=== Begin Enclosure ===

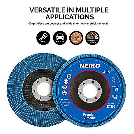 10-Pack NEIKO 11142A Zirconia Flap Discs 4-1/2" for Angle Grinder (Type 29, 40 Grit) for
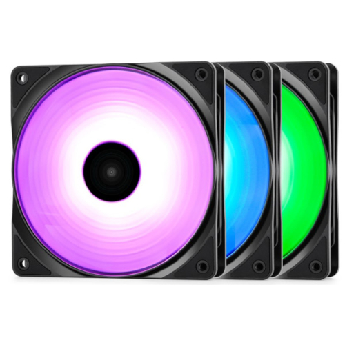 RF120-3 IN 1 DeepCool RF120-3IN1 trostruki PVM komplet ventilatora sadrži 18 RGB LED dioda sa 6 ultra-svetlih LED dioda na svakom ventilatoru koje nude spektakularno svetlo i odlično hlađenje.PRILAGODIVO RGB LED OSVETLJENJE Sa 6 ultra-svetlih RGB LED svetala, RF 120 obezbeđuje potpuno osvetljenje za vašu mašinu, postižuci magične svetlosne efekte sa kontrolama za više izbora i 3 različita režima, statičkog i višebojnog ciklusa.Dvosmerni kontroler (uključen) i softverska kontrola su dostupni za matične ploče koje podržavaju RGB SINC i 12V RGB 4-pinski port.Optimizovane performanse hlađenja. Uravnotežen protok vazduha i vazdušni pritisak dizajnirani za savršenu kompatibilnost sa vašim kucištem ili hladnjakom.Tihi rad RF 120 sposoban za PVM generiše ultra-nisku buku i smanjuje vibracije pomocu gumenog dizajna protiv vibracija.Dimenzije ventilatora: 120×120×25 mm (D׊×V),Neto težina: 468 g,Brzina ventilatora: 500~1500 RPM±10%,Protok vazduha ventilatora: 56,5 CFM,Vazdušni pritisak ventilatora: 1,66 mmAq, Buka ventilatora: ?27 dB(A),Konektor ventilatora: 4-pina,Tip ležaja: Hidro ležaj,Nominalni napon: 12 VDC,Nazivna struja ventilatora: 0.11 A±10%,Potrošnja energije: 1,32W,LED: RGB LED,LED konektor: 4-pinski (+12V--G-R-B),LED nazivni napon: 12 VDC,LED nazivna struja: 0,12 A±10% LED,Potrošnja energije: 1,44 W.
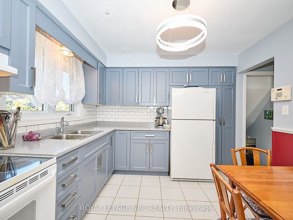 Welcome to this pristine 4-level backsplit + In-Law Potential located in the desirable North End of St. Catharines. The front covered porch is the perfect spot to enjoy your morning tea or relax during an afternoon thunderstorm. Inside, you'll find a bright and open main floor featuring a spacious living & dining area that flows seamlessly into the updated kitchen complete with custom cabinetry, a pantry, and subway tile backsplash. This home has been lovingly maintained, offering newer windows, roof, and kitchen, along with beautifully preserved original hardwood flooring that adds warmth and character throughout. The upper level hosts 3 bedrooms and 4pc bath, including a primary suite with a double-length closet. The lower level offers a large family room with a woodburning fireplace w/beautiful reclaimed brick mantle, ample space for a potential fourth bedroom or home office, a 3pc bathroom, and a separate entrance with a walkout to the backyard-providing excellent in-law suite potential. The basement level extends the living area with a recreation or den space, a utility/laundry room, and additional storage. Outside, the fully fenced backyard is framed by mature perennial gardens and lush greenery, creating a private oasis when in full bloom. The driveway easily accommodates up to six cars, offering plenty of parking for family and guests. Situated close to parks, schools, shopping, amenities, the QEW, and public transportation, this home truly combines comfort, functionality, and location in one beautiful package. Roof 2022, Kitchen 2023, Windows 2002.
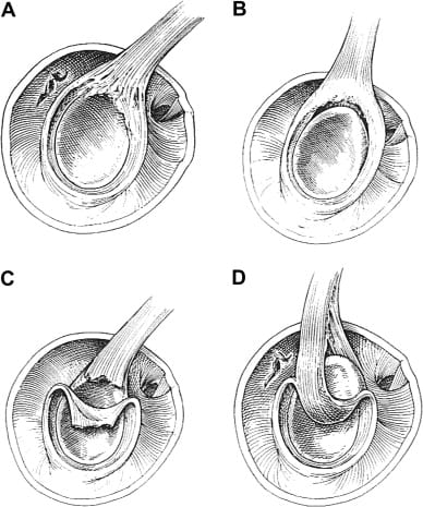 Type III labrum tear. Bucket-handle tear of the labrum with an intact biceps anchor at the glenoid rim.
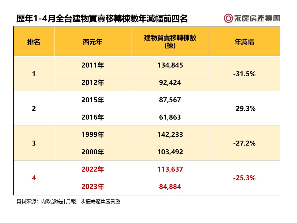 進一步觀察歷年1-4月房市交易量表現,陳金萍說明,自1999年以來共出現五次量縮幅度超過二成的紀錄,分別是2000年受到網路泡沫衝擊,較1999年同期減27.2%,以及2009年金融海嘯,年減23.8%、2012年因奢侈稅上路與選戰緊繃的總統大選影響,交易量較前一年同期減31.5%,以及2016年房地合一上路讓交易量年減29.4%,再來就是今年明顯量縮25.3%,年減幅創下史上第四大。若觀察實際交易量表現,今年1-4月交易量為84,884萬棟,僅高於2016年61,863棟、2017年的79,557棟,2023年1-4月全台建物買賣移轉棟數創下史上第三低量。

=== End Enclosure ===

• _TASK DESCRIPTION_:
Exact repetition of all entries is required. The pictures should not appear.

• _WRITTEN SOLUTION_:
 10-Pack NEIKO 11142A Zirconia Flap Discs 4-1/2" for Angle Grinder (Type 29, 40 Grit) for
 RF120-3 IN 1 DeepCool RF120-3IN1 trostruki PVM komplet ventilatora sadrži 18 RGB LED dioda sa 6 ultra-svetlih LED dioda na svakom ventilatoru koje nude spektakularno svetlo i odlično hlađenje.PRILAGODIVO RGB LED OSVETLJENJE Sa 6 ultra-svetlih RGB LED svetala, RF 120 obezbeđuje potpuno osvetljenje za vašu mašinu, postižuci magične svetlosne efekte sa kontrolama za više izbora i 3 različita režima, statičkog i višebojnog ciklusa.Dvosmerni kontroler (uključen) i softverska kontrola su dostupni za matične ploče koje podržavaju RGB SINC i 12V RGB 4-pinski port.Optimizovane performanse hlađenja. Uravnotežen protok vazduha i vazdušni pritisak dizajnirani za savršenu kompatibilnost sa vašim kucištem ili hladnjakom.Tihi rad RF 120 sposoban za PVM generiše ultra-nisku buku i smanjuje vibracije pomocu gumenog dizajna protiv vibracija.Dimenzije ventilatora: 120×120×25 mm (D׊×V),Neto težina: 468 g,Brzina ventilatora: 500~1500 RPM±10%,Protok vazduha ventilatora: 56,5 CFM,Vazdušni pritisak ventilatora: 1,66 mmAq, Buka ventilatora: ?27 dB(A),Konektor ventilatora: 4-pina,Tip ležaja: Hidro ležaj,Nominalni napon: 12 VDC,Nazivna struja ventilatora: 0.11 A±10%,Potrošnja energije: 1,32W,LED: RGB LED,LED konektor: 4-pinski (+12V--G-R-B),LED nazivni napon: 12 VDC,LED nazivna struja: 0,12 A±10% LED,Potrošnja energije: 1,44 W.
 Welcome to this pristine 4-level backsplit + In-Law Potential located in the desirable North End of St. Catharines. The front covered porch is the perfect spot to enjoy your morning tea or relax during an afternoon thunderstorm. Inside, you'll find a bright and open main floor featuring a spacious living & dining area that flows seamlessly into the updated kitchen complete with custom cabinetry, a pantry, and subway tile backsplash. This home has been lovingly maintained, offering newer windows, roof, and kitchen, along with beautifully preserved original hardwood flooring that adds warmth and character throughout. The upper level hosts 3 bedrooms and 4pc bath, including a primary suite with a double-length closet. The lower level offers a large family room with a woodburning fireplace w/beautiful reclaimed brick mantle, ample space for a potential fourth bedroom or home office, a 3pc bathroom, and a separate entrance with a walkout to the backyard-providing excellent in-law suite potential. The basement level extends the living area with a recreation or den space, a utility/laundry room, and additional storage. Outside, the fully fenced backyard is framed by mature perennial gardens and lush greenery, creating a private oasis when in full bloom. The driveway easily accommodates up to six cars, offering plenty of parking for family and guests. Situated close to parks, schools, shopping, amenities, the QEW, and public transportation, this home truly combines comfort, functionality, and location in one beautiful package. Roof 2022, Kitchen 2023, Windows 2002.
 Type III labrum tear. Bucket-handle tear of the labrum with an intact biceps anchor at the glenoid rim.
 進一步觀察歷年1-4月房市交易量表現,陳金萍說明,自1999年以來共出現五次量縮幅度超過二成的紀錄,分別是2000年受到網路泡沫衝擊,較1999年同期減27.2%,以及2009年金融海嘯,年減23.8%、2012年因奢侈稅上路與選戰緊繃的總統大選影響,交易量較前一年同期減31.5%,以及2016年房地合一上路讓交易量年減29.4%,再來就是今年明顯量縮25.3%,年減幅創下史上第四大。若觀察實際交易量表現,今年1-4月交易量為84,884萬棟,僅高於2016年61,863棟、2017年的79,557棟,2023年1-4月全台建物買賣移轉棟數創下史上第三低量。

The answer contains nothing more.